The same expression challenges appear in statements of intent. The process of formulating intent through negotiation and resultant gradual refinement has a similar feel to the degrees of pruning and refactoring of the specification.

4. Specification in terms of the Model

The specification of capability should be presented in terms of the terminology of the problem space and hence in terms of the appropriate model. The challenge is determining which model is the "appropriate" model.

An area of the problem space can be described in different ways depending upon what the intention of the model is. There are many ways of representing a semantic space/

Prior to embarking on evaluation of specification of capability, it is important to consider the specific model and how it is structured.

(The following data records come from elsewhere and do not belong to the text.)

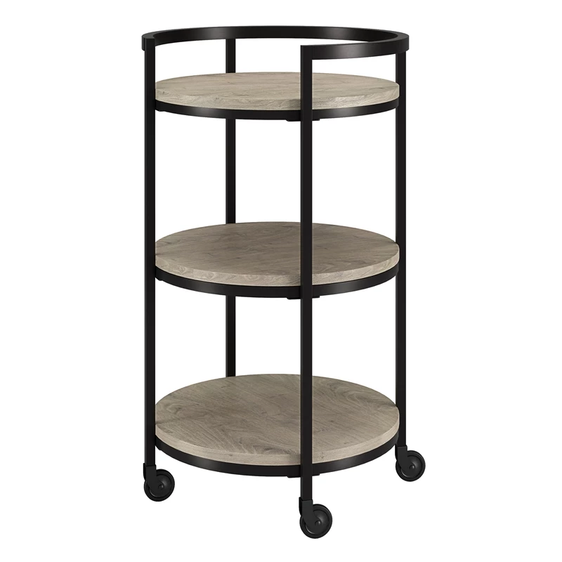 Combine functionality and on-trend design with this eye-catching modern bar cart. Its round wood-finish MDF shelves are offset by the clean lines of the steel blackened bronze frame. The raised frame provides security for your bottles and mixers while the four wheels provide easy mobility from room to room. Not a party animal? Re-purpose this piece as a coffee station, mobile vanity, or nightstand!
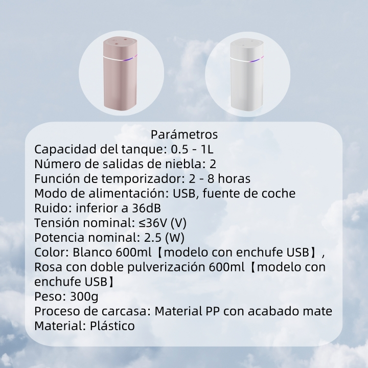 Umidificador De Ar Grande 12 Horas Com 2 Saídas De Ar E Led 3 Em 1 Multifuncional 600ml Para Quarto
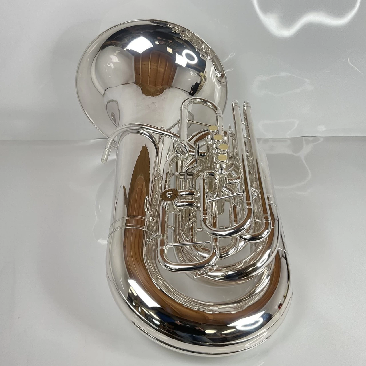 Demo Eastman EBC632S CC tuba (SN: 14974222) in silver with factory hard-shell case. 20″ upright bell and 4 front action pistons of .687″ bore with right thumb operated 5th rotor valve. Takes American shank tuba mouthpiece. In nearly new condition.
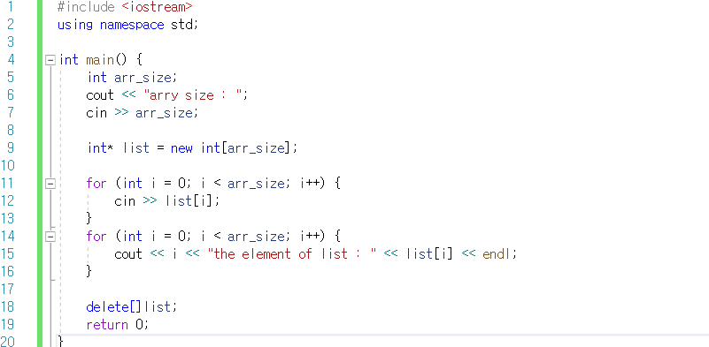 - int *list = new int[arr_size]; // 포인터 변수 list에, new를 이용하여 크기가 arr_size인 int 배열을 생성한 주소를 넣었다.
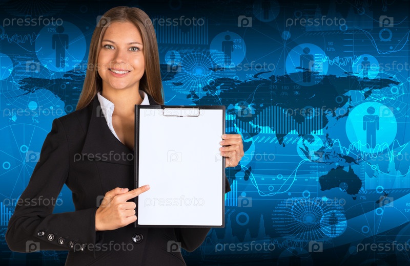Бизнес-леди с планшетом, удерживая держатель бумаги
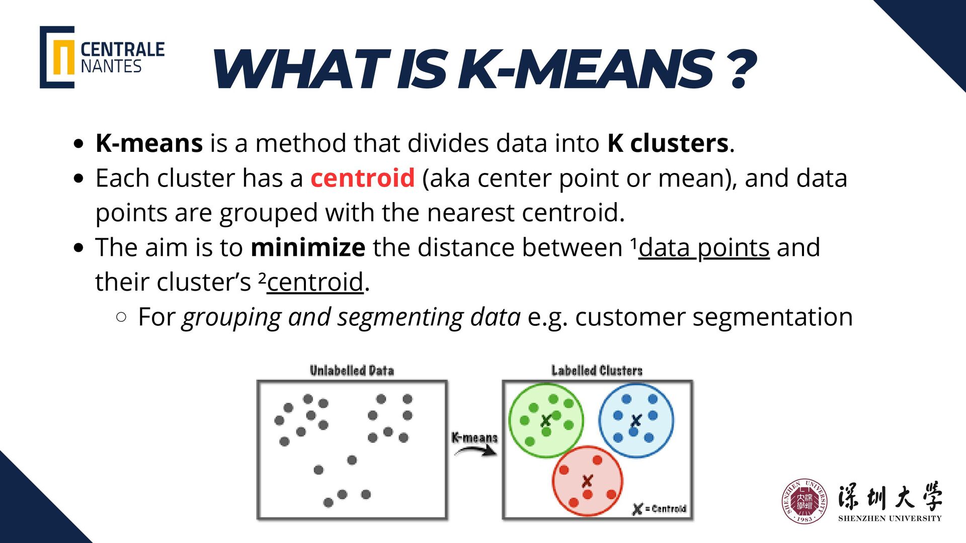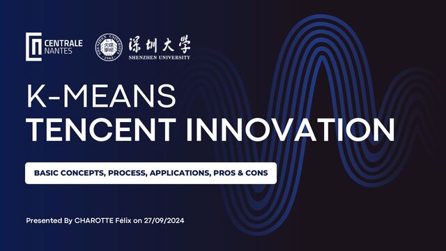 This presentation introduces K-Means clustering, covering its core concepts, step-by-step process, real-world applications, and advantages and limitations. Designed for aspiring members of the Tencent Innovation Club, it highlights how K-Means can drive practical machine learning solutions and data-driven innovation.
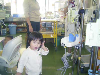 点滴台がないので、小さな息子は何処にいるか見失います。
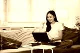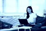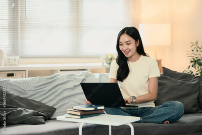 Casual woman working remotely on laptop, enjoying online class or virtual meeting
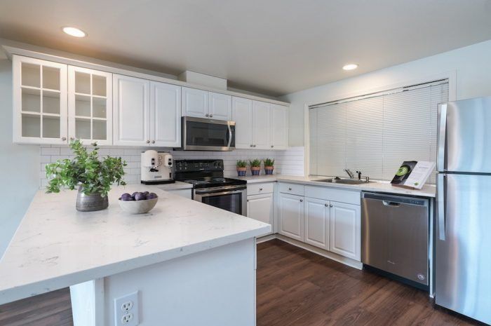 The Benchmark’s two-story townhomes are all 2 bedroom 1.5 bath units. Well appointed with large chef’s kitchens, wood-burning fireplaces, vaulted ceilings and ample storage and washer/dryer. With spacious private concrete patios, these townhomes are perfect for entertaining. Each home has been beautifully remodeled with granite countertops and luxury vinyl wood plank flooring.
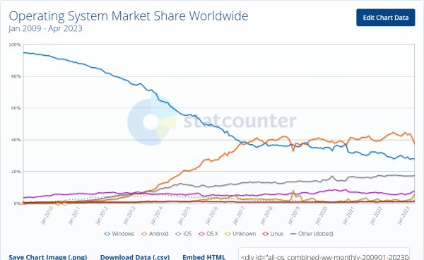 而在另一边,过去 Windows 一度占据超过 90%市场份额的时候,很大一部分人选择 Windows PC 只是想要一台电脑,实际使用中也往往采用默认的设置和网页浏览器。今天 Windows 依然是最重要桌面操作系统,但对越来越多人来说,使用 PC 的次数越来越少,智能手机(aka 掌上电脑)已经成为了最重要的设备,甚至就是「电脑」——可以用来阅读、听歌、看视频、购物等等。
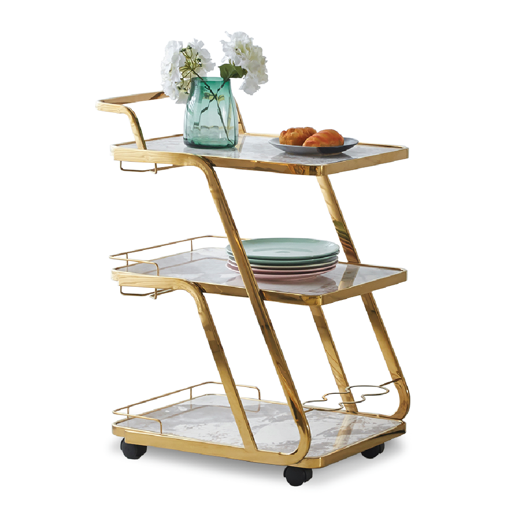 Presenting the ATHOS Trolley a stylish and useful combination. With its elegant Sintered Stone top and opulent Gold Stainless Steel frame, this three-tier masterpiece is the epitome of design and longevity. It glides smoothly and sophisticatedly into any area thanks to its smooth Castor Wheels. Enhance your experience with ATHOS, where timeless stainless steel elegance unites form and function.

5. Generalized Modeling via Component–System–Specification Refinement

This framework moves away from rigid classification schemes and instead adopts a dynamic, refinement-based approach to modeling. Traditional classification attempts to impose fixed categories onto a system, but this often obscures nuance, variation, and the emergence of intermediate structures that carry operational or architectural significance.

We begin instead with the concept of a universal component—a general-purpose structure with maximal capability potential. Through the process of pruning & refactoring (constraint-driven refinement), this semantic volume is gradually refined, yielding intermediate structures with more sharply defined roles and properties. These refined artifacts are not pre-classified entities, but emergent forms that arise naturally at specific “sweat spots” in the refinement trajectory, where the remaining capabilities align with a recognizably useful or interoperable function.

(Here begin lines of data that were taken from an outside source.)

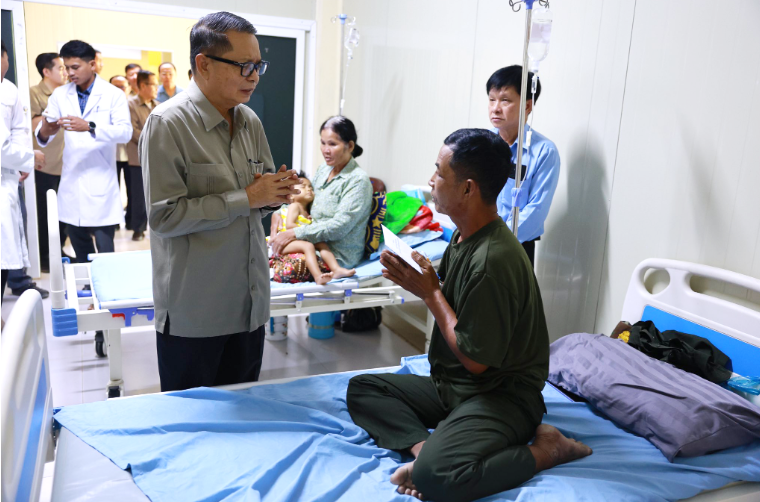 សម្តេចមហាមន្ត្រី បានសម្តែងនូវក្តីអាណិតអាសូរជាពន់ពេក ចំពោះវីរកងទ័ព ដែលកំពុងសម្រាកព្យាបាលរបួស ដោយសារត្រូវផ្សែងពុលដែលបង្កឡើងដោយកងទ័ពថៃឈ្លានពានលើដែនអធិបតេយ្យកម្ពុជា និងបានសួរសុខទុក្ខដល់កុមារកំពុងព្យបាលជំងឺគ្រុនឈាម ដែលត្រូវជាកូនរបស់វីរកងទ័ពជួរមុខដែលកំពុងឈរជើងយ៉ាងអង់អាចក្លាហាន កាពារបូរណភាពទឹកដី និងអធិបតេយ្យកម្ពុជា។
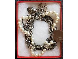 Brand new in box with tag. There's a lot going on with this necklace; large white pearls, small gray pearls, silver chain, black chain, clear crystals and one really pretty butterfly with crystals on one side. Purrfect for a special night out. 18" long.
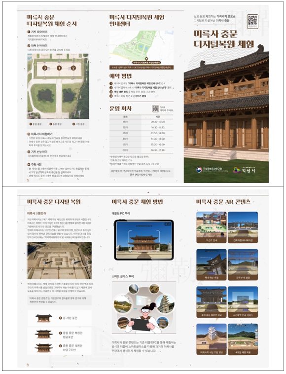 국가유산청 국립문화유산연구원(원장 임종덕)은 익산시(시장 정헌율)와 함께 2026년 2월 8일까지 익산 미륵사지(전북 익산시) 현장에서, 세계유산인 익산 미륵사 중문(동원·중원·서원) 건축물을 증강현실로 디지털 복원해 현장에서 보고 느낄 수 있는 「미륵사 디지털 복원 체험 안내센터」를 운영한다.
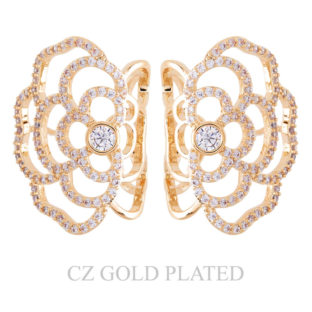 GOLD PLATED CUBIC ZIRCONIA FLORAL FILIGREE EARRINGS IN YELLOW GOLD PLATTING
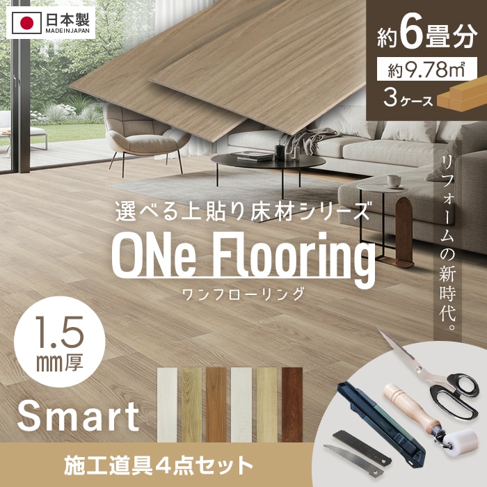 フローリング材 上貼り床材 ワンフローリング 1.5mm Smart 6畳セット(3ケース+道具セット)
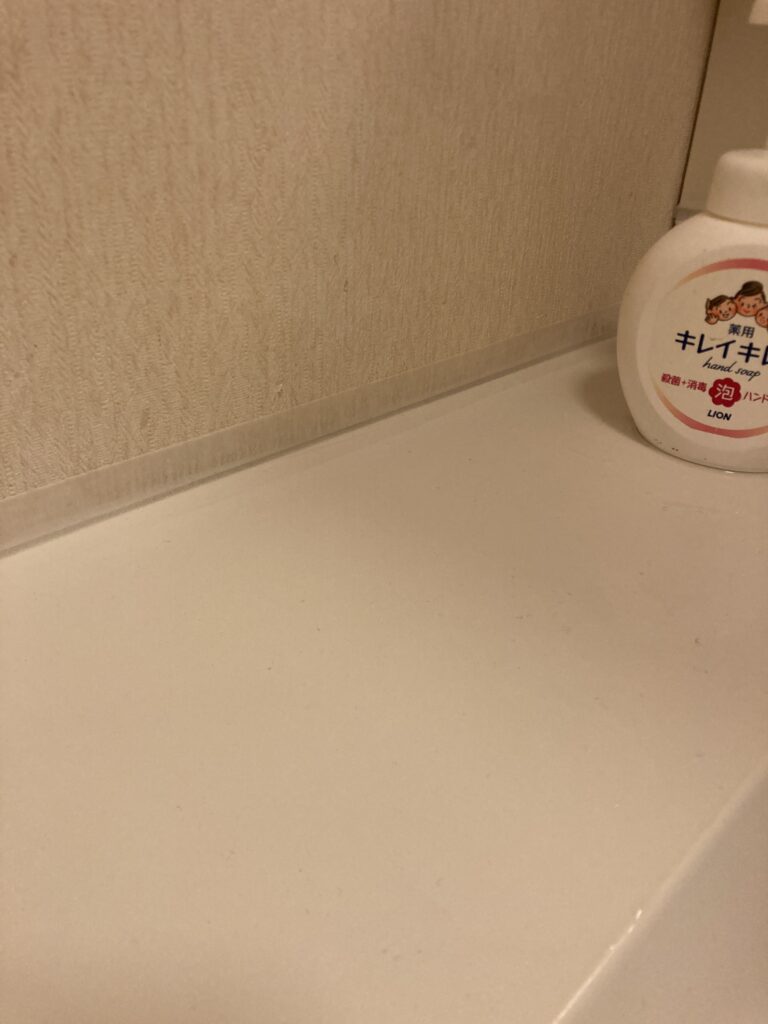 洗面所やキッチンの隙間には透明の汚れ防止テープ
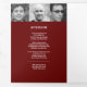 Simple modern graphic funeral program in dark red, black and white. Replace the sample text and twelve placeholder photos with your own special photos and memorial order of service, obituary, reading or poem, and acknowledgments, and personal information details. Other matching funeral keepsake remembrance items are available. Text graphic 'The passing of a legend' and design by www.mylittleeden.com
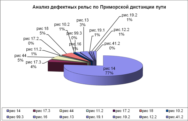 Диаграмма анализа дефектных рельс на дистанции приведена на рис.1.3.

Each such emergent form is treated as an occurrence. Occurrences appear at every stage of meaningful refinement including at the level of final implementation instances. At all stages of use the application of properties is via the idea of intent where even the tightest constraint of a single value is essentially a statement of intent (as it is impossible to guarantee that a property will be set). This intent consideration will be dealt with further later in this document.

An LTP (Logical Termination Point) in [ITU-T_G.7711] ([ONF_TR-512]), for example, is not a primitive class but a pattern that arises from pruning and constraining the universal component until only the semantic envelope of an LTP remains. A TerminationPoint from RFC8345

To support variation, reusability, and convergence across implementations, each component or system is described not by a single fixed class, but by a specification: a constrained and possibly pruned refinement of a more general and broader model element. This allows the model to express bounded capabilities without requiring full instantiation, enabling tools and orchestrators to reason about compatibility, substitution, and support constraints before deployment. The specification describes the capabilities of an occurrence in terms of occurrences achieved via similar pruning. A system spec is a pattern assembly of subtly specialized occurrences at a particular level of specialization arranged in a meaningful structure that yields a relevant behaviour. The specification of an occurrence is itself a system spec.

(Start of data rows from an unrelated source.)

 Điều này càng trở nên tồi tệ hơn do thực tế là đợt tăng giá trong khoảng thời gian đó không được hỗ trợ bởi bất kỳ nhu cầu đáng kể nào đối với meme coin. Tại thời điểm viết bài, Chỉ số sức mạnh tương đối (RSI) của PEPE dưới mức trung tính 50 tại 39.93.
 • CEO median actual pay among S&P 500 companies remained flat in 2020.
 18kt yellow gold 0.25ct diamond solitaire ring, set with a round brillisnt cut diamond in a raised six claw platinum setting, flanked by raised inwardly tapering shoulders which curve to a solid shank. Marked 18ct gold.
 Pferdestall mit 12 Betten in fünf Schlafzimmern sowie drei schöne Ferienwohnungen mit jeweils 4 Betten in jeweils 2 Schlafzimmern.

The combination of the component–system pattern with the specification refinement pattern enables a modeling architecture where:

This approach supports gradual realization, where capability declarations can progressively transition from abstract to concrete, through intermediate spec refinements and pruning. Each layer of model realization adds specificity—structurally (via system composition), behaviorally (via constraints), and operationally (via mapping to configuration/state models).

A specification may provide explicit definifinition of a property as discussed above but it may also refer to one or more other specification(s). For example a specification may include a set of properties specified elsewhere. It may also define a property that is an enumeration of literals or identifies where those literal values or identify values are actually references to other specifications that provide deeper detail.

In an ideal environment, there is an ecosystem of specificactions each providing interrelated detail to fully define the semantics. The ecosystem would include specifications from standards bodies providing the definition of a network protocol that can be interpreted by an AI component such that the abstracted effect on the solution can be fully understood and simulated/emulated. Any detected conditions would be understood in terms of the protocol and hence the implications of the condition detected in terms of the carried signal can be fully understood.

In this ideal environment, the specification would fully capture all non-failure case behaviours of a component (and potentially some common failure cases) and the component would be designed internally to "guarantee" these behaviours (it would be engineered with appropriate control structures that would bound its behaviour). These specifications, although abstractions would often be highly complex (consider the specification of a CPU for example), but would be less overwhelming in detail and stated in terms of intentional behaviour as opposed to behaviour of the parts. The specification is a statement of the effects of the assembly of detailed parts (see definition of component).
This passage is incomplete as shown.